Em 2020, o Uruguai elegeu seu primeiro governo conservador em 15 anos. Logo após assumir o cargo, o presidente Luis Lacalle Pou disse que o governo tem uma “agenda pró-vida”. Desde então, “resistir tornou-se um ato heróico” para as ativistas do aborto, segundo Lilián Abracinskas, fundadora da organização feminista Mulheres e Saúde no Uruguai.

As pessoas no governo “relativizam o conceito de direitos humanos, de violência de gênero [e consideram] as feministas e a diversidade sexual como agentes externos desestabilizadores influenciados por forças estrangeiras”, argumenta Abracinskas.

“Estamos resistindo em condições absolutamente adversas e fora do radar de organizações e interesses regionais e internacionais”, enfatiza.

Muito, muito rapidamente?

No início de 2022, quando a Colômbia descriminalizava o aborto, o Chile elaborava uma nova constituição que consagrava os direitos sexuais e reprodutivos, incluindo o direito ao aborto, como fundamentais e garantidos pelo Estado.

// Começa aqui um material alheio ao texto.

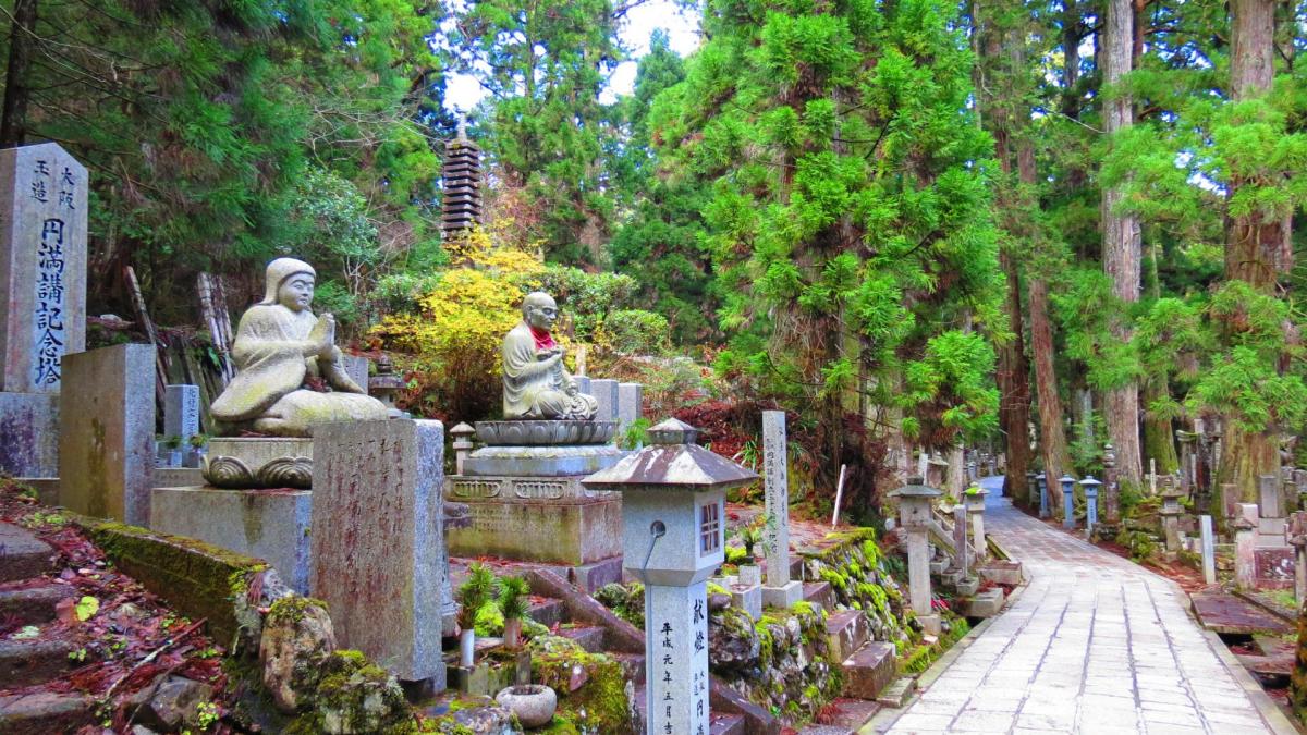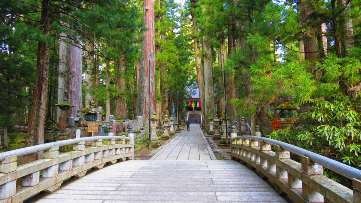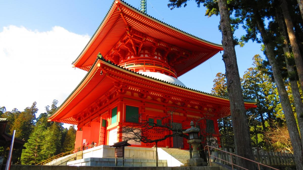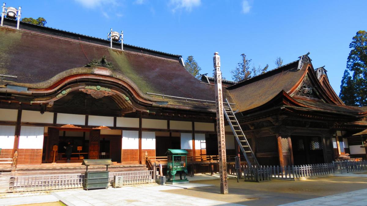 C’est à Koyan San située à 900 mètres d'altitude, au sommet du mont Koya, que se trouve le temple Kongobu-ji, fondé en 816 par le moine Kukai (également connu sous le nom de Kobo-Daishi). Il est devenu le temple principal du bouddhisme Shingon, branche ésotérique du bouddhisme japonais. Depuis, 120 temples et monastères ont été installés sur la montagne, en faisant un centre religieux de premier plan. Certains d'entre eux, les Shukubo, proposent un hébergement aux pèlerins et aux visiteurs, ou des repas végétariens, avec la possibilité de s'initier à la pratique de zazen, la méditation zen. Le site est classé au patrimoine mondial de l'Unesco depuis 2004.

Mas em um referendo nacional em setembro, o país rejeitou a nova constituição. A decisão significa que a lei de 2017, que permite o aborto apenas em casos de estupro, inviabilidade fetal ou risco de vida para a mulher, continua em vigor.

Enquanto isso, a dramática eleição de outubro no Brasil colocou o líder de extrema-direita Jair Bolsonaro contra o ex-presidente esquerdista Luiz Inácio Lula da Silva. No entanto, durante sua campanha, Lula destacou sua postura antiaborto. Ele venceu e foi empossado como presidente em 1º de janeiro.

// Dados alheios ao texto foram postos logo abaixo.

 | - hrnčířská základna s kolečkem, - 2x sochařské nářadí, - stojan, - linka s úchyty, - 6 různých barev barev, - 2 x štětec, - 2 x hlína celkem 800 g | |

“O maior desafio para os movimentos feministas é unir forças e ter uma estratégia clara para evitar uma reversão do progresso alcançado em nossos países”, diz Ana María Kudelka Zalles, diretora da ONG feminista Católicas pelo Direito de Decidir Bolívia .

“Mas também precisamos conquistar e cativar por meio de ações de comunicação muito mais inovadoras e que realmente alcancem toda a população.”